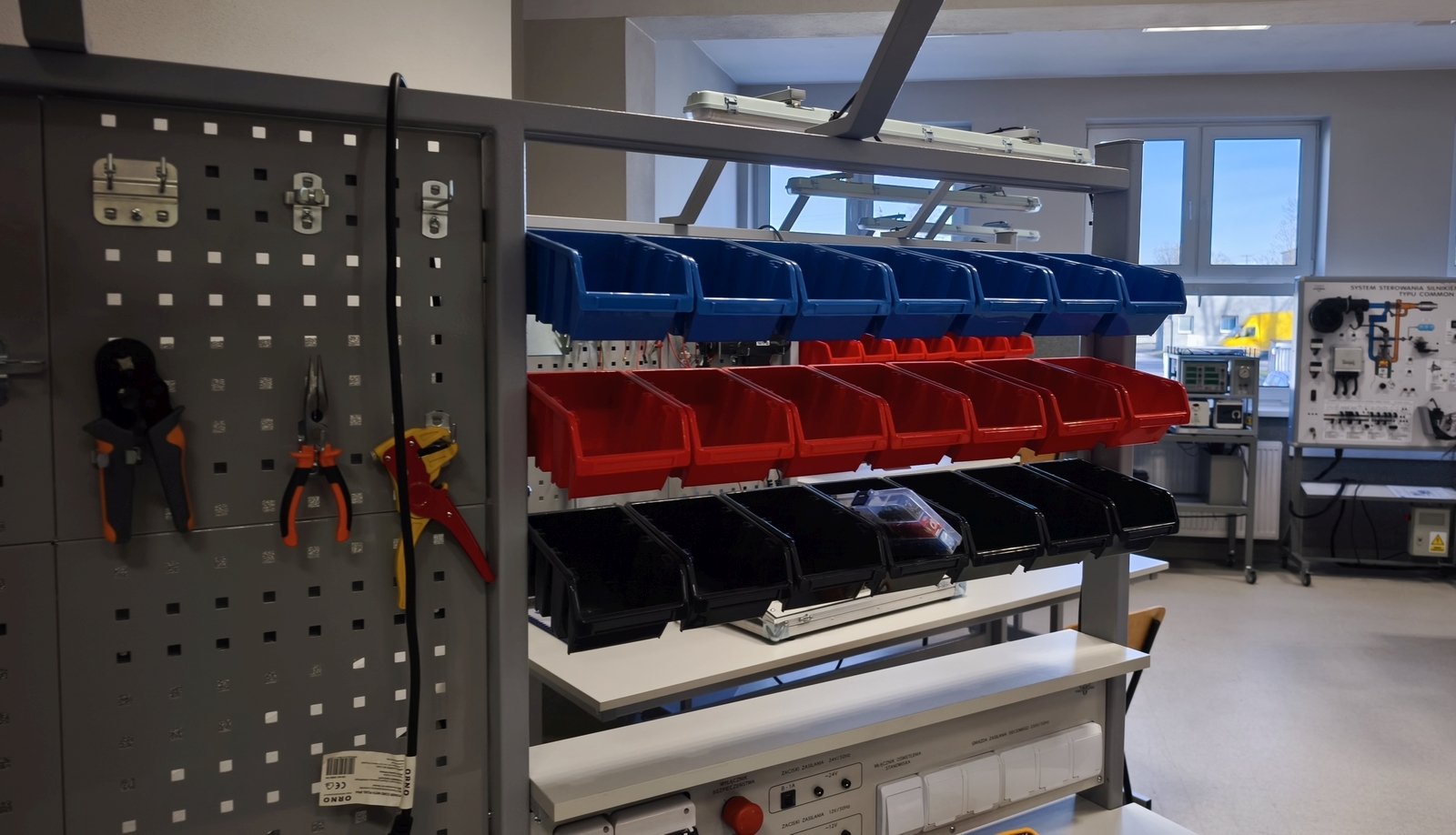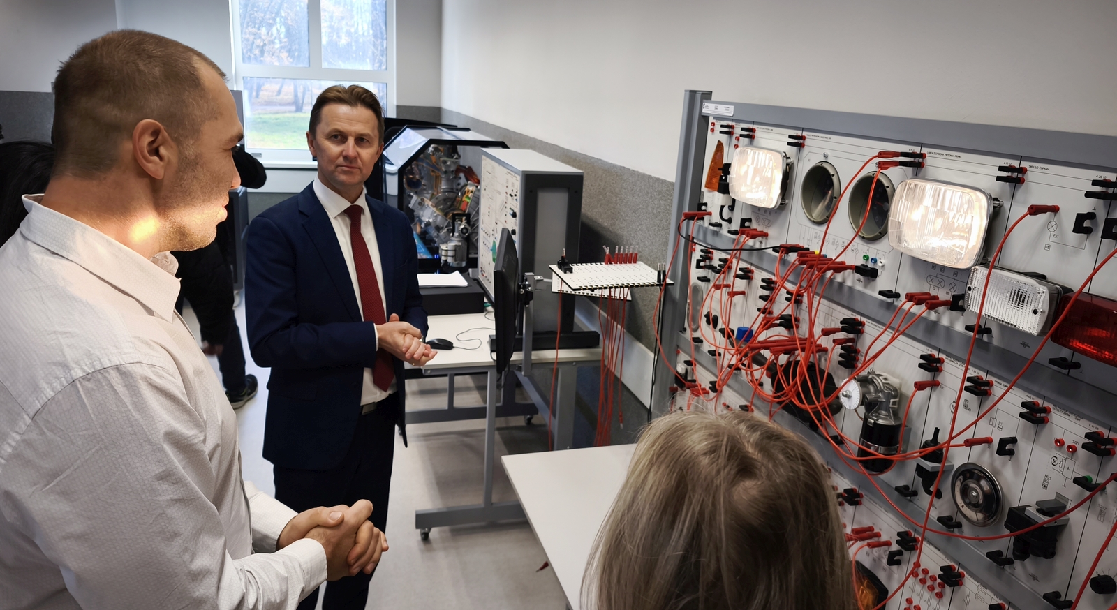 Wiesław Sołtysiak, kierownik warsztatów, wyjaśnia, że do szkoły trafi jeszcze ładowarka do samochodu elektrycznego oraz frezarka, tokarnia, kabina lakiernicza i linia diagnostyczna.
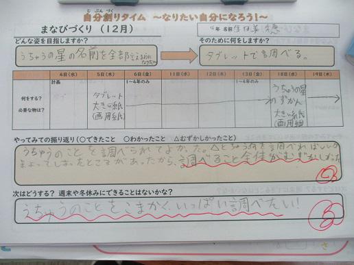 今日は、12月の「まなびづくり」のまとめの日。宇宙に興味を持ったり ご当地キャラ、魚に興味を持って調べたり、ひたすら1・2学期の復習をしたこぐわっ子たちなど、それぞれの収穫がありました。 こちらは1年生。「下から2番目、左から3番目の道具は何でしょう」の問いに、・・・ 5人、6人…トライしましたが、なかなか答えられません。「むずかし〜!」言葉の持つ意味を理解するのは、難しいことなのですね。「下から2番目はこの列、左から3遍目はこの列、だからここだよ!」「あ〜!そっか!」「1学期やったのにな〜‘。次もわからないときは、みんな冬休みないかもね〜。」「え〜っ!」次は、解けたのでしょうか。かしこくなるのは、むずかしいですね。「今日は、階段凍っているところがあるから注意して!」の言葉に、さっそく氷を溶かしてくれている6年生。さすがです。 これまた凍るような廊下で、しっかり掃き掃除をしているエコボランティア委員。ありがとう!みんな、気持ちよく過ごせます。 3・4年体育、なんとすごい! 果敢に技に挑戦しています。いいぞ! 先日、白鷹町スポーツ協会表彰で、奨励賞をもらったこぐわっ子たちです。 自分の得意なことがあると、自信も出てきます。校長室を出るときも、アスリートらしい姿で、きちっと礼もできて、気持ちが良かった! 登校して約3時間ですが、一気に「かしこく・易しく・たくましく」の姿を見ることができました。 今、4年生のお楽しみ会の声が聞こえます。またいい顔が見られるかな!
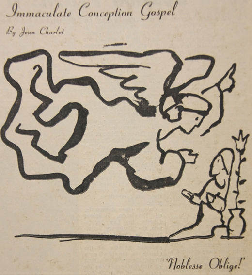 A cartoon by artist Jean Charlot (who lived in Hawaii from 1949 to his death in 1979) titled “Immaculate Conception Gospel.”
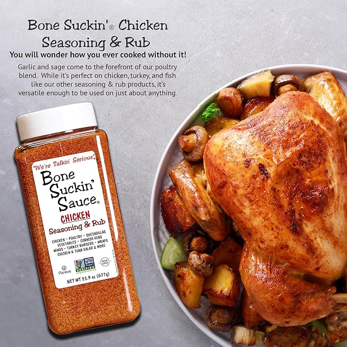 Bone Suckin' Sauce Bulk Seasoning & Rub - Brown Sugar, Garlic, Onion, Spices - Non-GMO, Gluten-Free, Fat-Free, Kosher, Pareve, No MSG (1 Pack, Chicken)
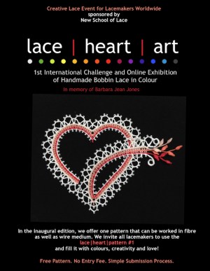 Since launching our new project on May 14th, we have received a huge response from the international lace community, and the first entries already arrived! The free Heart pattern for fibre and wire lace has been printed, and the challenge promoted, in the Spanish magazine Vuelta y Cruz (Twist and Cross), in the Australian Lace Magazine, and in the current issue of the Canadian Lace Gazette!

...

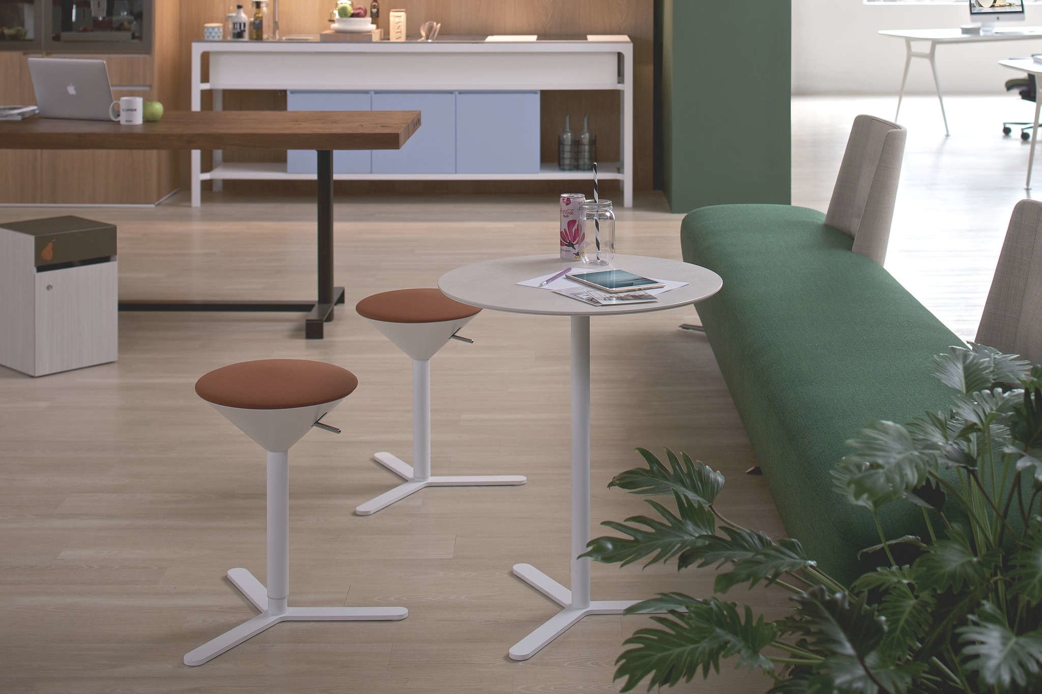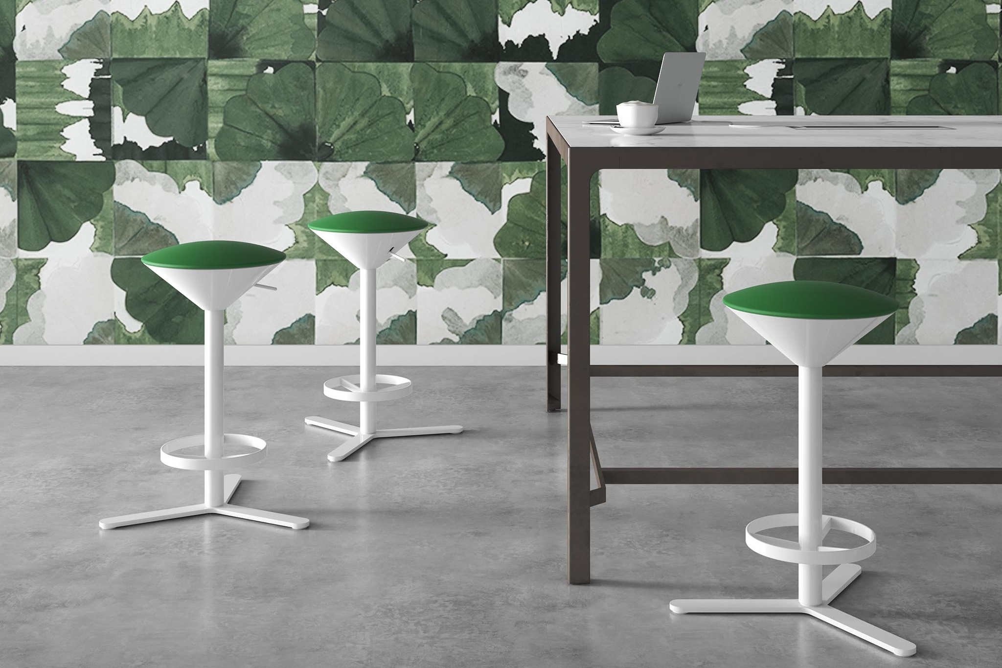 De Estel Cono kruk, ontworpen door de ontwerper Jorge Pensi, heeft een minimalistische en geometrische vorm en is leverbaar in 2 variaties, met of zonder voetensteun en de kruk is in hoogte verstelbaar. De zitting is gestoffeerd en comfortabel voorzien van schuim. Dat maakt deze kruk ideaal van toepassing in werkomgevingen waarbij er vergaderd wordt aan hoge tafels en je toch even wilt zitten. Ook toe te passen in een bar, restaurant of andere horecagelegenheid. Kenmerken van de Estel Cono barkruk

- About this task
In the listing above, find the line containing "Bone Suckin' Sauce". Output it and every line after it up to and including the line containing "Since launching our", exactly, but skip the pictures.

- Your response
 Bone Suckin' Sauce Bulk Seasoning & Rub - Brown Sugar, Garlic, Onion, Spices - Non-GMO, Gluten-Free, Fat-Free, Kosher, Pareve, No MSG (1 Pack, Chicken)
 Since launching our new project on May 14th, we have received a huge response from the international lace community, and the first entries already arrived! The free Heart pattern for fibre and wire lace has been printed, and the challenge promoted, in the Spanish magazine Vuelta y Cruz (Twist and Cross), in the Australian Lace Magazine, and in the current issue of the Canadian Lace Gazette!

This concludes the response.